### WHAT TO DO
Of the records that follow, copy only the lines from the line containing "Pingali SR et" to the line containing "MB,Community es una", both included, exactly as written.

### RECORDS

[Start of section]

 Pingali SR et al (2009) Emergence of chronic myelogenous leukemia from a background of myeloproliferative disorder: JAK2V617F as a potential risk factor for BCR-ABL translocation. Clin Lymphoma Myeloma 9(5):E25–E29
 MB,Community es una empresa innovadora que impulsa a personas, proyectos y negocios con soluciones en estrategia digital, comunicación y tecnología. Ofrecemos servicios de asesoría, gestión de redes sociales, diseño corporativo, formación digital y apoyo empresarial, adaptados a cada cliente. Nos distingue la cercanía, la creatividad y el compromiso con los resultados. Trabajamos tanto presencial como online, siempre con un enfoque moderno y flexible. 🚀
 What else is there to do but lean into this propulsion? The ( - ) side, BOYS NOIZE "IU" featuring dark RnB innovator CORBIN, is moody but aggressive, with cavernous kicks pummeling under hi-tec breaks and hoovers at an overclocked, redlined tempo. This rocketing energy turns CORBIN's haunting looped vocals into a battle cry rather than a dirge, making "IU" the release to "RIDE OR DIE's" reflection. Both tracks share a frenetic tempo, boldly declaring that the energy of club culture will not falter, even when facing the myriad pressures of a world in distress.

[End of section]
[Start of section]

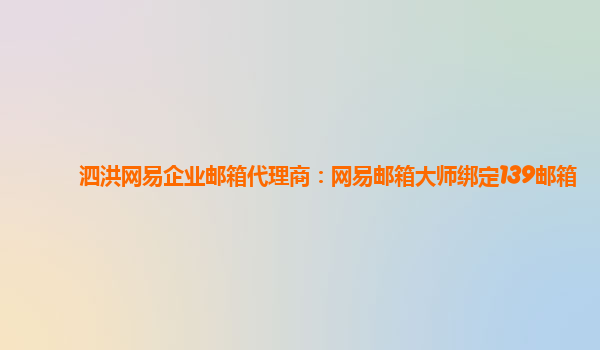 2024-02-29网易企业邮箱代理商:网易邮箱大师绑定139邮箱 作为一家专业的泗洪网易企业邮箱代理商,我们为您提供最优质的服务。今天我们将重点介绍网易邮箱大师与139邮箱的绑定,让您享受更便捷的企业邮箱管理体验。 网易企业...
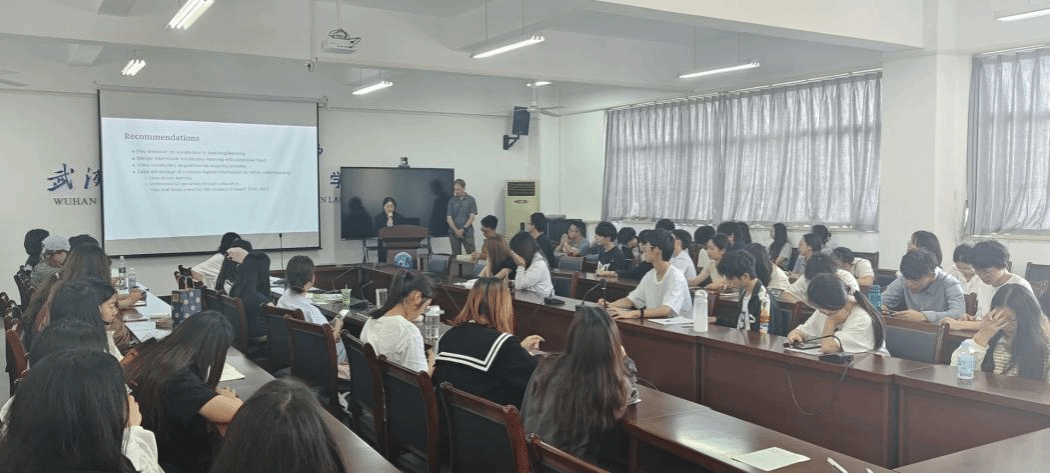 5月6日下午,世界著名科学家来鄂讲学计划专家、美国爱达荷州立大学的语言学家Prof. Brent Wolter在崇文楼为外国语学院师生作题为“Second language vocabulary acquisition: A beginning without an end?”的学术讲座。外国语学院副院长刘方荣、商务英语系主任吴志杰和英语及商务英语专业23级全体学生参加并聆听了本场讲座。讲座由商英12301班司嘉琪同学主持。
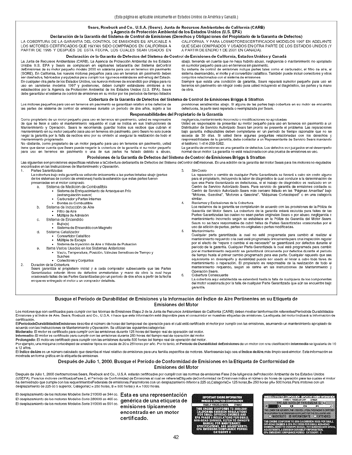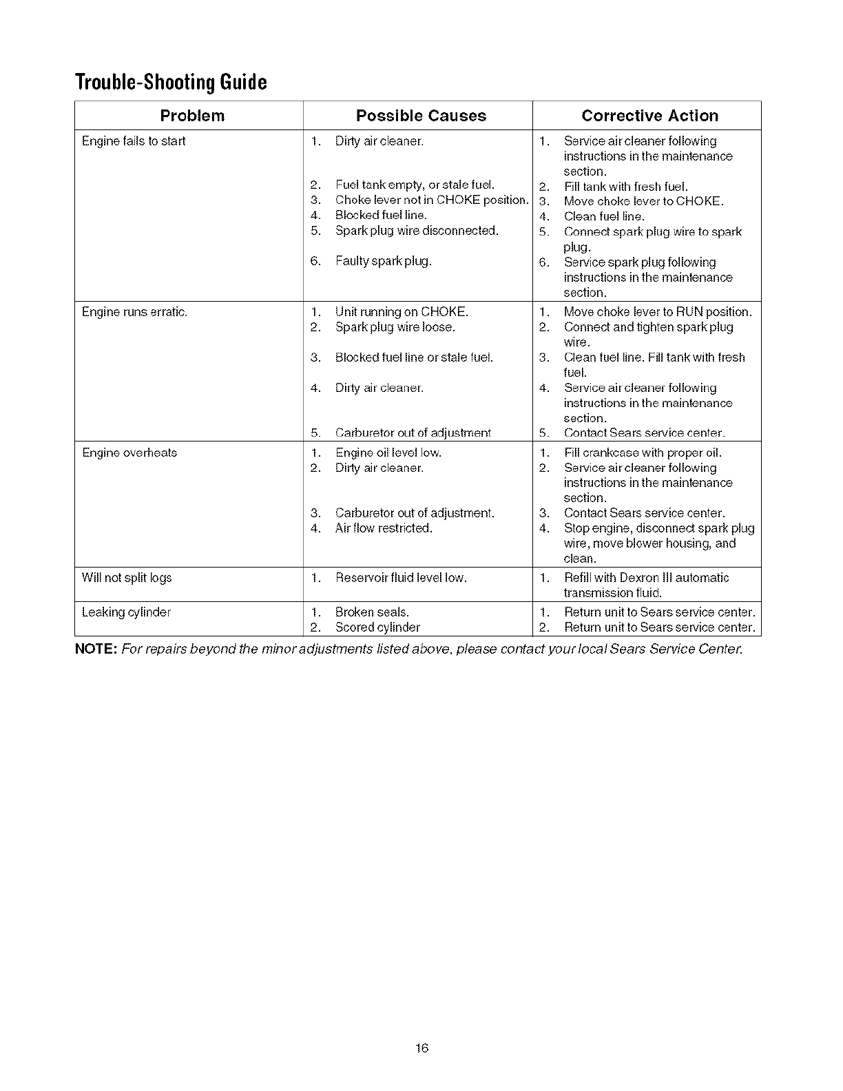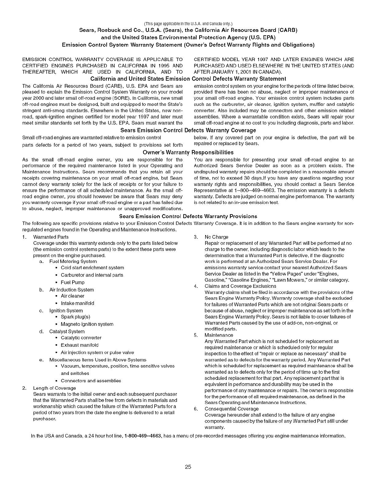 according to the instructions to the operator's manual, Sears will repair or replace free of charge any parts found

[End of section]

### RESPONSE TO THE EXERCISE
 Pingali SR et al (2009) Emergence of chronic myelogenous leukemia from a background of myeloproliferative disorder: JAK2V617F as a potential risk factor for BCR-ABL translocation. Clin Lymphoma Myeloma 9(5):E25–E29
 MB,Community es una empresa innovadora que impulsa a personas, proyectos y negocios con soluciones en estrategia digital, comunicación y tecnología. Ofrecemos servicios de asesoría, gestión de redes sociales, diseño corporativo, formación digital y apoyo empresarial, adaptados a cada cliente. Nos distingue la cercanía, la creatividad y el compromiso con los resultados. Trabajamos tanto presencial como online, siempre con un enfoque moderno y flexible. 🚀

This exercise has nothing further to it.